ADVANCED MICRO DEVICES INCAMD

ADVANCED MICRO DEVICES INC Financial Overview 2021–2025

Updated Jul 10, 2026

Advanced Micro Devices executed a staggering pivot in its core business, punctuated by a 94% surge in Data Center revenue during FY2024 that fundamentally altered its growth trajectory. This explosive demand for server and AI infrastructure proves the company has successfully transitioned from a legacy consumer PC chipmaker into a primary enterprise AI powerhouse.

The financial transformation is stark. Total net revenue more than doubled, growing from $16.4 billion in FY2021 to $34.6 billion in FY2025. This expansion was heavily driven by hyperscale cloud demand for EPYC processors and Instinct GPUs, which pushed Data Center sales to $16.6 billion in FY2025, representing a 32% year-over-year increase. The consumer business also delivered, with the Client and Gaming segment jumping 51% to $14.6 billion. To accelerate this market capture, the company heavily funded product innovation, expanding research and development expenses by 25% to $8.1 billion in FY2025.

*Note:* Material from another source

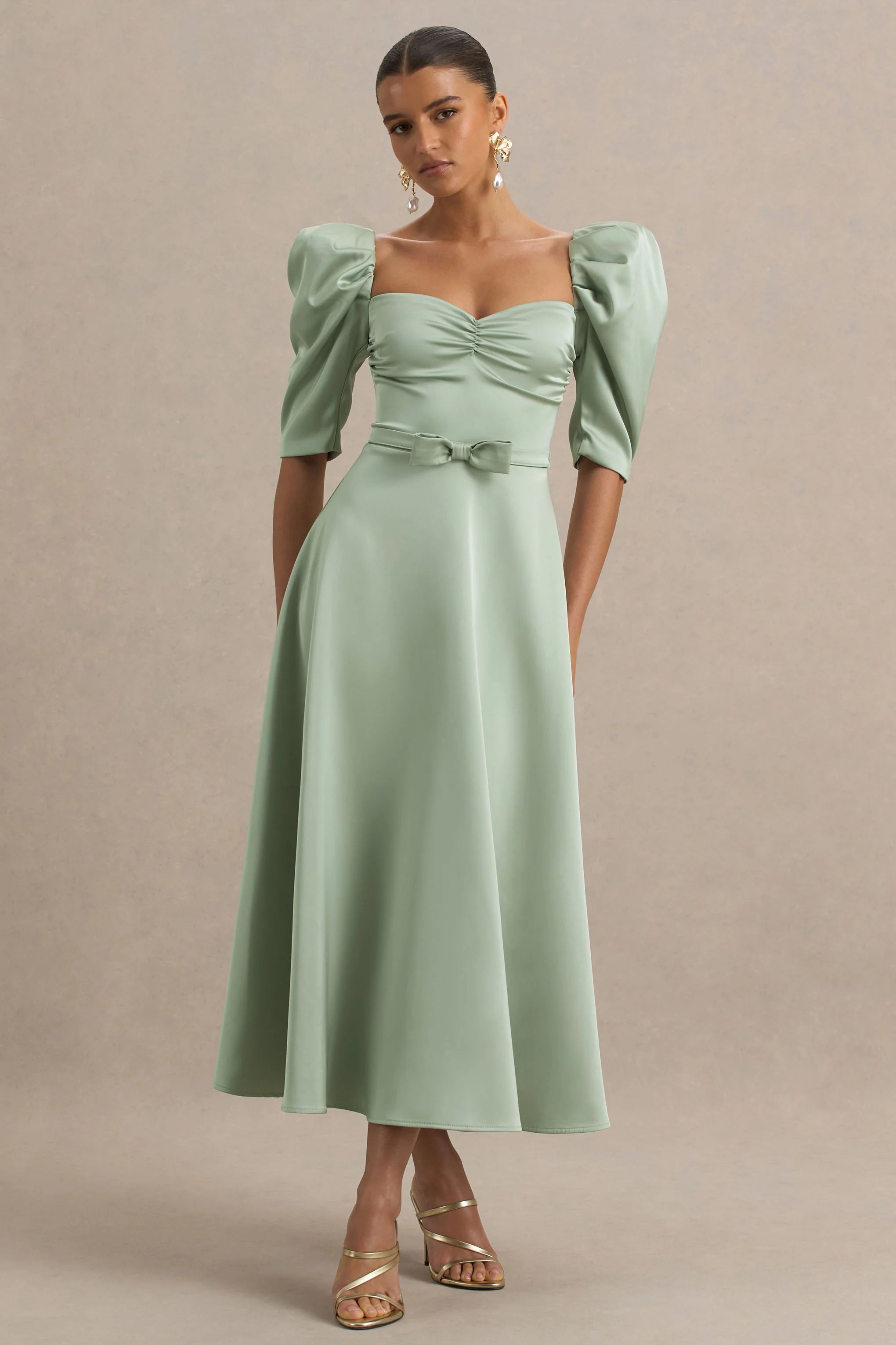 Become a vision of timeless elegance and allure in Rosey. This midi dress is cut from our premium stretch satin, in a stunning green hue, offering a flawless fit for any occasion. The sweetheart neckline adds a touch of soft femininity, while the structured sleeves provide drama and sophistication. Cinching the waist with a delicate bow detail, Rosey creates a sculpted silhouette that's effortlessly chic. Whether you're attending a wedding or a glamourous dinner, this showstopping piece ensures you make an unforgettable entrance.

Investors have eagerly priced in this momentum. At the close of FY2025, the market valued the company at a $350.4 billion market cap, with the stock finishing at $214.99. This price represented a premium 81.1x price-to-earnings multiple, reflecting aggressive market expectations that major commercial deployments—including supply agreements with Meta and OpenAI—will continue to scale. By the end of FY2025, the company fortified its balance sheet with $10.6 billion in cash and short-term investments to back its expanding infrastructure ambitions.

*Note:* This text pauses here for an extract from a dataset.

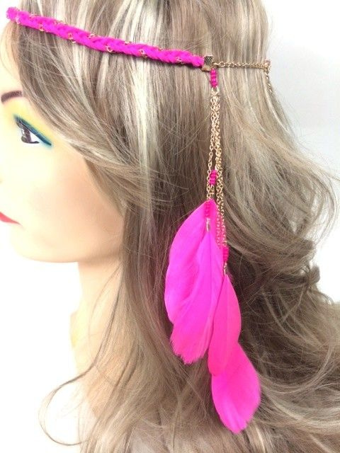 S_600022D - IBIZA LOOK BRAIDED HAIR BAND WITH FEATHERS FUCHSIA (1st)
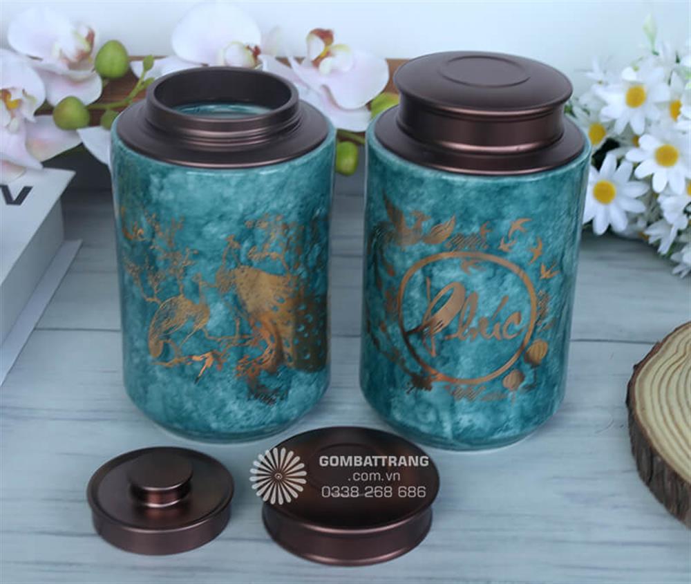 Sắc xanh ngọc bích kết hợp với ánh vàng kim quý phái tạo nên tổng thể hài hòa, dễ dàng phối hợp với nhiều phong cách nội thất khác nhau từ cổ điển đến hiện đại. Khi đặt cạnh nhau trên bàn trà, hai chiếc hũ đựng trà bát tràng với họa tiết Công và Phúc tạo thành một cặp đôi hoàn hảo, vừa có ý nghĩa phong thủy "Công Phúc song toàn" vừa mang lại cảm giác thẩm mỹ cao.hộp trà gốm

Recent Developments (Q4 2025 and Q1 2026)

Advanced Micro Devices accelerated its financial momentum in Q1 2026, posting $10.3 billion in net revenue for a 38% year-over-year increase. Gross margins climbed to 53%, and net income more than doubled to $1.4 billion. This growth was anchored by a landmark arrangement with Meta in February 2026, which includes a binding commitment to purchase at least one gigawatt equivalent of Instinct GPUs. To incentivize scale, the company issued performance warrants to Meta for up to 160 million shares. Operations were further optimized by completing the $3.2 billion acquisition of ZT Systems before immediately selling its manufacturing arm for $2.4 billion.

Bulls view the massive gigawatt-scale hyperscaler commitments as a guarantee of highly visible, compounding cash flow. Conversely, bears warn the stock is priced for absolute perfection, trading at a steep 159.0x earnings as of the May 6, 2026 reporting date.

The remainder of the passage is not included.